**EXTRACTED MATERIAL:**

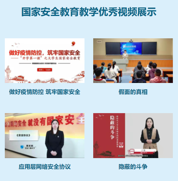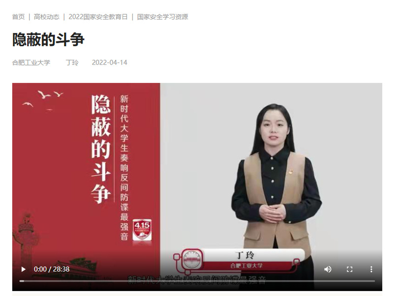 为全面贯彻落实总体国家安全观,4月1日至15日,公司开展为期两周的老员工国家安全公司产品活动,公司2019级辅导员丁玲担任主讲人,为公司2019级本科生讲授国家安全课。讲授内容被录制为精品示范课程1项,在2022年国家安全公司产品视频征集与展示活动中被评为全国优秀示范教学视频,被教育部思政网学习资料库收录。
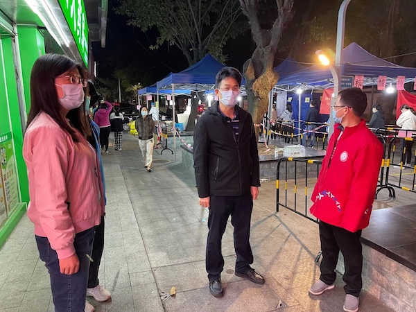 隨后,文促會(huì)一行來到了東湖街道大望社區(qū)。在社區(qū)核酸檢測(cè)現(xiàn)場(chǎng),大望社區(qū)黨委書記高桂秀正在指揮現(xiàn)場(chǎng)工作;大望實(shí)業(yè)公司董事長何雨聰和大望社區(qū)副書記李雪康兩人都面帶倦容,明顯近期睡眠嚴(yán)重不足。據(jù)了解,高桂秀近期一直綁著護(hù)腰墊片,帶病堅(jiān)持抗疫。
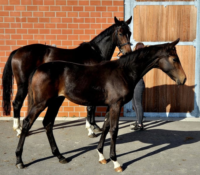 *** Biene Maya *** For Sale! Zum Verkauf steht ein interessantes dunkelbraunen Stutfohlen von Bon Succes aus einer Q7 x Danone I Mutter. Ausgestattet mit schönen GGA ist sie eine tolle Empfehlung für Sport und Zucht. Bei Interesse oder weiteren Fragen stehe ich Ihnen gerne zur Verfügung. Besichtigungen sind nach Absprache möglich. Lassen Sie sich diese Gelegenheit nicht entgehen!
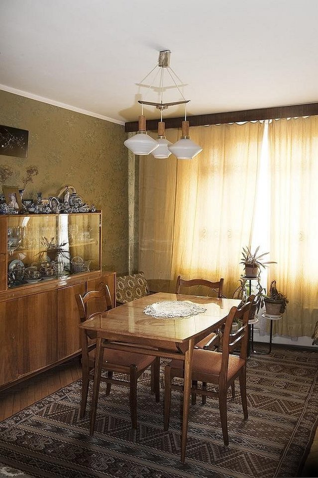Šie analogai gan geras pavyzdys, kaip turėdami didesnę patalpą gyventojai eksperimentuodavo su gyvenamąja erdve. Kaip galime pastebėti, vėlgi dominuoja akcentinis kilimas, karkasiniai spindų baldai, kurie būdavo dalijami į keletą komponentų ir pastatomi skirtingose patalpos vietose. Grindų dangai pasirinktas medžio masyvo parketas, kuris taip pat buvo gaminamas centralizuotai, dažniausiai tai buvo ąžuolo masyvas.
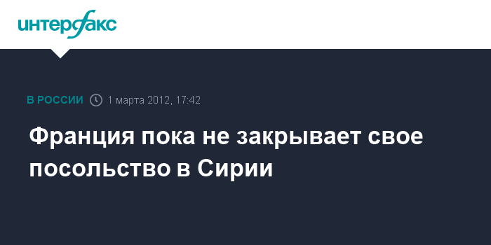 Париж. 1 марта. INTERFAX.RU - Франция оставляет свое посольство в Дамаске открытым, в то время как Великобритания уже заявила о закрытии своего посольства в связи с ухудшением ситуации в стране, сообщила пресс-служба французского МИД в четверг в официальном коммюнике.
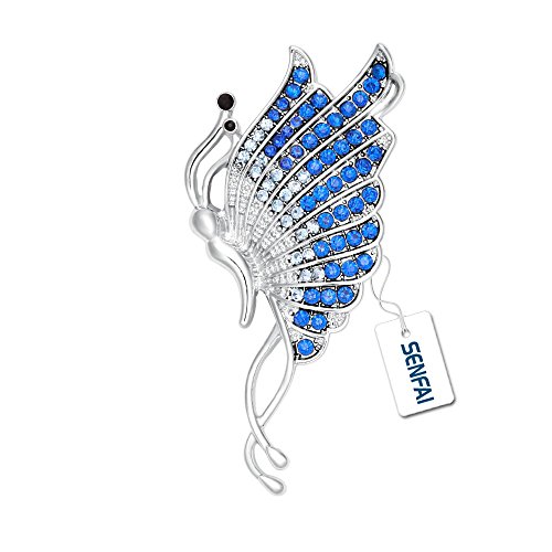 -. Title : SENFAI Elegant Blue Crystal Butterfly Magnet Brooch Perfect Gift

**YOUR INSTRUCTIONS:** Without the pictures, repeat the listing exactly as it reads.

**RESPONSE:**
 为全面贯彻落实总体国家安全观,4月1日至15日,公司开展为期两周的老员工国家安全公司产品活动,公司2019级辅导员丁玲担任主讲人,为公司2019级本科生讲授国家安全课。讲授内容被录制为精品示范课程1项,在2022年国家安全公司产品视频征集与展示活动中被评为全国优秀示范教学视频,被教育部思政网学习资料库收录。
 隨后,文促會(huì)一行來到了東湖街道大望社區(qū)。在社區(qū)核酸檢測(cè)現(xiàn)場(chǎng),大望社區(qū)黨委書記高桂秀正在指揮現(xiàn)場(chǎng)工作;大望實(shí)業(yè)公司董事長何雨聰和大望社區(qū)副書記李雪康兩人都面帶倦容,明顯近期睡眠嚴(yán)重不足。據(jù)了解,高桂秀近期一直綁著護(hù)腰墊片,帶病堅(jiān)持抗疫。
 *** Biene Maya *** For Sale! Zum Verkauf steht ein interessantes dunkelbraunen Stutfohlen von Bon Succes aus einer Q7 x Danone I Mutter. Ausgestattet mit schönen GGA ist sie eine tolle Empfehlung für Sport und Zucht. Bei Interesse oder weiteren Fragen stehe ich Ihnen gerne zur Verfügung. Besichtigungen sind nach Absprache möglich. Lassen Sie sich diese Gelegenheit nicht entgehen!
Šie analogai gan geras pavyzdys, kaip turėdami didesnę patalpą gyventojai eksperimentuodavo su gyvenamąja erdve. Kaip galime pastebėti, vėlgi dominuoja akcentinis kilimas, karkasiniai spindų baldai, kurie būdavo dalijami į keletą komponentų ir pastatomi skirtingose patalpos vietose. Grindų dangai pasirinktas medžio masyvo parketas, kuris taip pat buvo gaminamas centralizuotai, dažniausiai tai buvo ąžuolo masyvas.
 Париж. 1 марта. INTERFAX.RU - Франция оставляет свое посольство в Дамаске открытым, в то время как Великобритания уже заявила о закрытии своего посольства в связи с ухудшением ситуации в стране, сообщила пресс-служба французского МИД в четверг в официальном коммюнике.
 -. Title : SENFAI Elegant Blue Crystal Butterfly Magnet Brooch Perfect Gift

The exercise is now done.